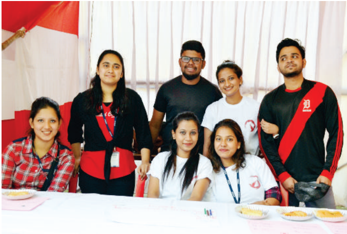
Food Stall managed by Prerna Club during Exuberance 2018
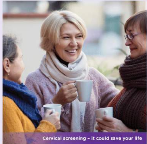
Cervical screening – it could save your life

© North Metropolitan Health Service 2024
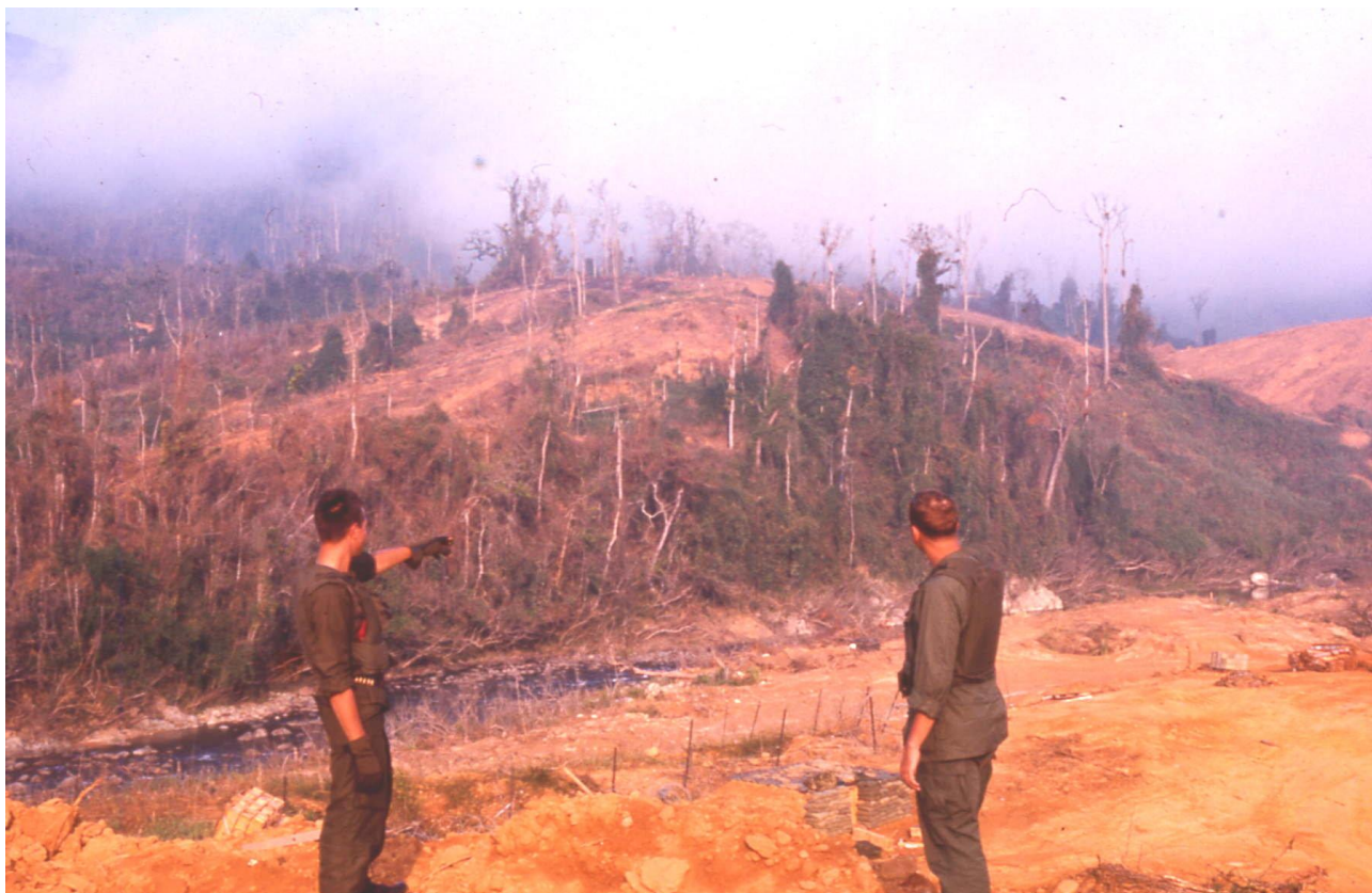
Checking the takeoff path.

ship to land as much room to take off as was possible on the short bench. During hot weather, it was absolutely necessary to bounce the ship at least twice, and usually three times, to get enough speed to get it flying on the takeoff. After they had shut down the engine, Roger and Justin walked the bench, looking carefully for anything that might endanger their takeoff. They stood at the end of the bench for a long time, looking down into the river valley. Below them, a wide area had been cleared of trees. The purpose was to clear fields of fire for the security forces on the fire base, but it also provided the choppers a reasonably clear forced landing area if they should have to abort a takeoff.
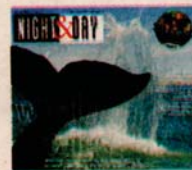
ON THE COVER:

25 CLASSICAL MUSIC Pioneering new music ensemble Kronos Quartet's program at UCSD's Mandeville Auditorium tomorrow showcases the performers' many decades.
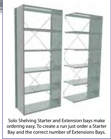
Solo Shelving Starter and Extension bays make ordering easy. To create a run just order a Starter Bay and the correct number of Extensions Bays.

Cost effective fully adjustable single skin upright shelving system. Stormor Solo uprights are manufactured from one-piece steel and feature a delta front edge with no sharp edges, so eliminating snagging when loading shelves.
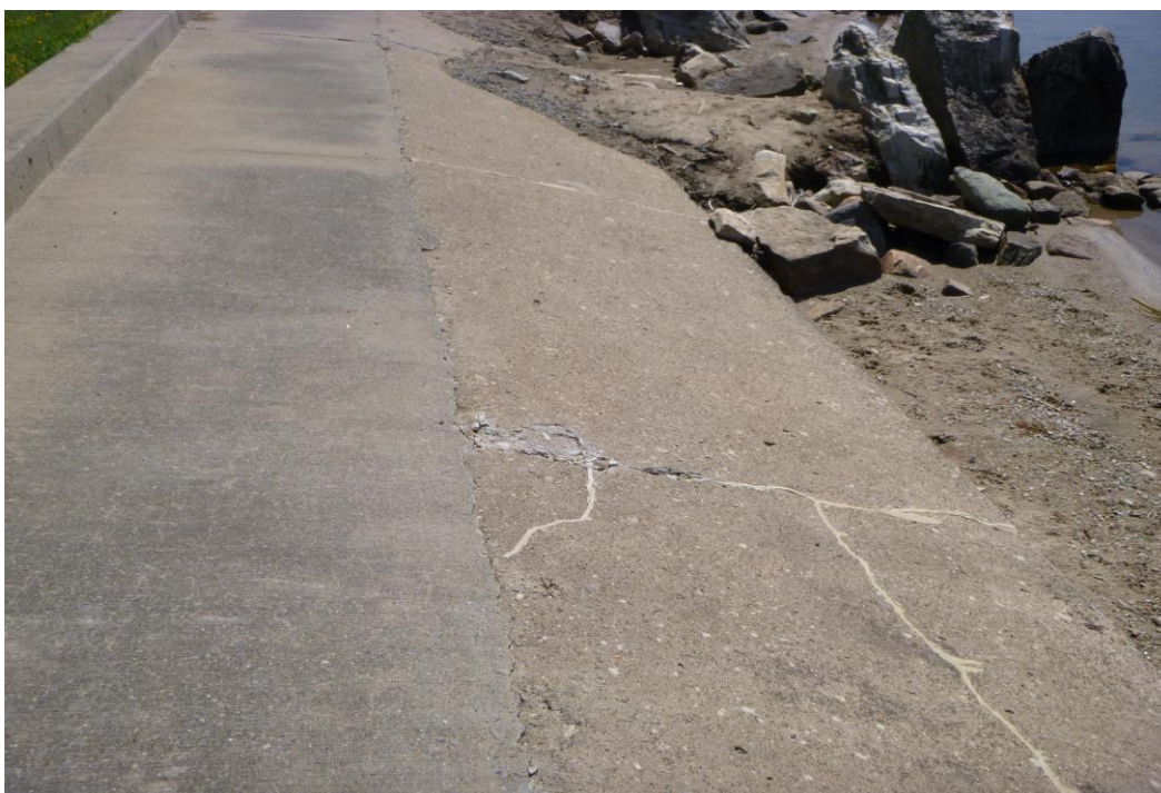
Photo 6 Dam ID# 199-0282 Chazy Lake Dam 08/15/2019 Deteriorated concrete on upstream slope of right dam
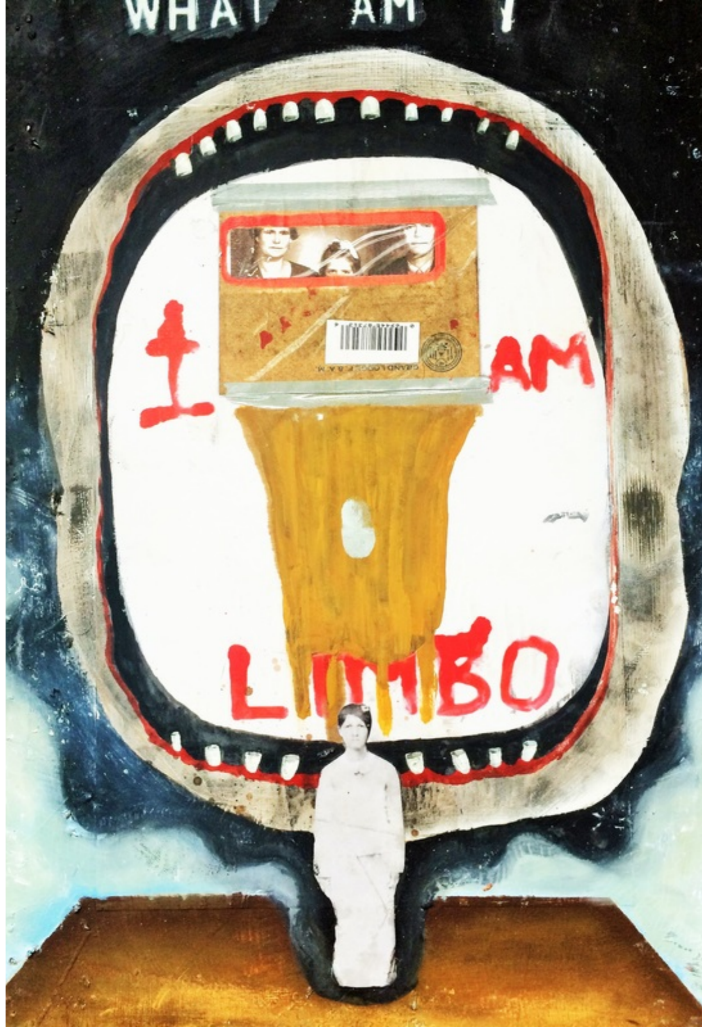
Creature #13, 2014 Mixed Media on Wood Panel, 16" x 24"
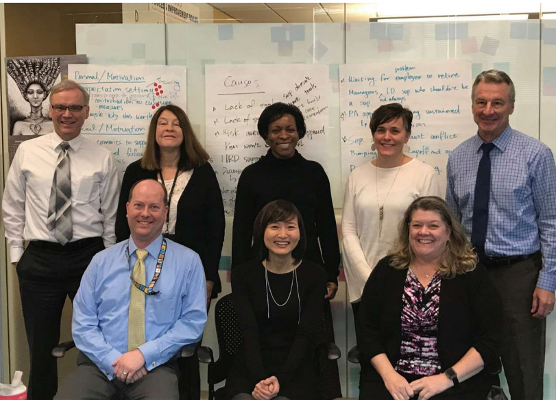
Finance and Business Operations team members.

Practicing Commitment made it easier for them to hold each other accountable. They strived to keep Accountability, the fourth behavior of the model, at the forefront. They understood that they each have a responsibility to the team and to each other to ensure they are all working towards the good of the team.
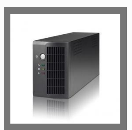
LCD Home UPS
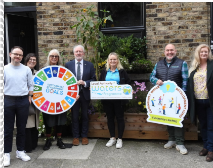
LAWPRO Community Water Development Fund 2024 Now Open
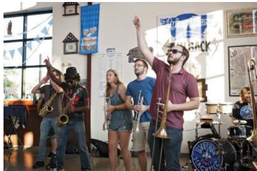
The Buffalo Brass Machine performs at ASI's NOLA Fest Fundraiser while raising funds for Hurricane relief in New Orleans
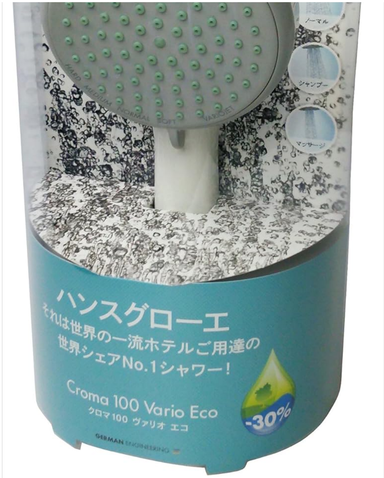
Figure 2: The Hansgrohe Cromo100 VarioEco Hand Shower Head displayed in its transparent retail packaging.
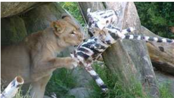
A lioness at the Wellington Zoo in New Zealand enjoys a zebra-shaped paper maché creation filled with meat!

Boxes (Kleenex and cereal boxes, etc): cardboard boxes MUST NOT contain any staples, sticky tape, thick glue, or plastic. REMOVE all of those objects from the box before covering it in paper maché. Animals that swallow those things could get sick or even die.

§ Task goal
Please copy every record above exactly, but leave the pictures out.

§ Answer for this exercise
Food Stall managed by Prerna Club during Exuberance 2018
Cervical screening – it could save your life

© North Metropolitan Health Service 2024
Checking the takeoff path.

ship to land as much room to take off as was possible on the short bench. During hot weather, it was absolutely necessary to bounce the ship at least twice, and usually three times, to get enough speed to get it flying on the takeoff. After they had shut down the engine, Roger and Justin walked the bench, looking carefully for anything that might endanger their takeoff. They stood at the end of the bench for a long time, looking down into the river valley. Below them, a wide area had been cleared of trees. The purpose was to clear fields of fire for the security forces on the fire base, but it also provided the choppers a reasonably clear forced landing area if they should have to abort a takeoff.
ON THE COVER:

25 CLASSICAL MUSIC Pioneering new music ensemble Kronos Quartet's program at UCSD's Mandeville Auditorium tomorrow showcases the performers' many decades.
Solo Shelving Starter and Extension bays make ordering easy. To create a run just order a Starter Bay and the correct number of Extensions Bays.

Cost effective fully adjustable single skin upright shelving system. Stormor Solo uprights are manufactured from one-piece steel and feature a delta front edge with no sharp edges, so eliminating snagging when loading shelves.
Photo 6 Dam ID# 199-0282 Chazy Lake Dam 08/15/2019 Deteriorated concrete on upstream slope of right dam
Creature #13, 2014 Mixed Media on Wood Panel, 16" x 24"
Finance and Business Operations team members.

Practicing Commitment made it easier for them to hold each other accountable. They strived to keep Accountability, the fourth behavior of the model, at the forefront. They understood that they each have a responsibility to the team and to each other to ensure they are all working towards the good of the team.
LCD Home UPS
LAWPRO Community Water Development Fund 2024 Now Open
The Buffalo Brass Machine performs at ASI's NOLA Fest Fundraiser while raising funds for Hurricane relief in New Orleans
Figure 2: The Hansgrohe Cromo100 VarioEco Hand Shower Head displayed in its transparent retail packaging.
A lioness at the Wellington Zoo in New Zealand enjoys a zebra-shaped paper maché creation filled with meat!

Boxes (Kleenex and cereal boxes, etc): cardboard boxes MUST NOT contain any staples, sticky tape, thick glue, or plastic. REMOVE all of those objects from the box before covering it in paper maché. Animals that swallow those things could get sick or even die.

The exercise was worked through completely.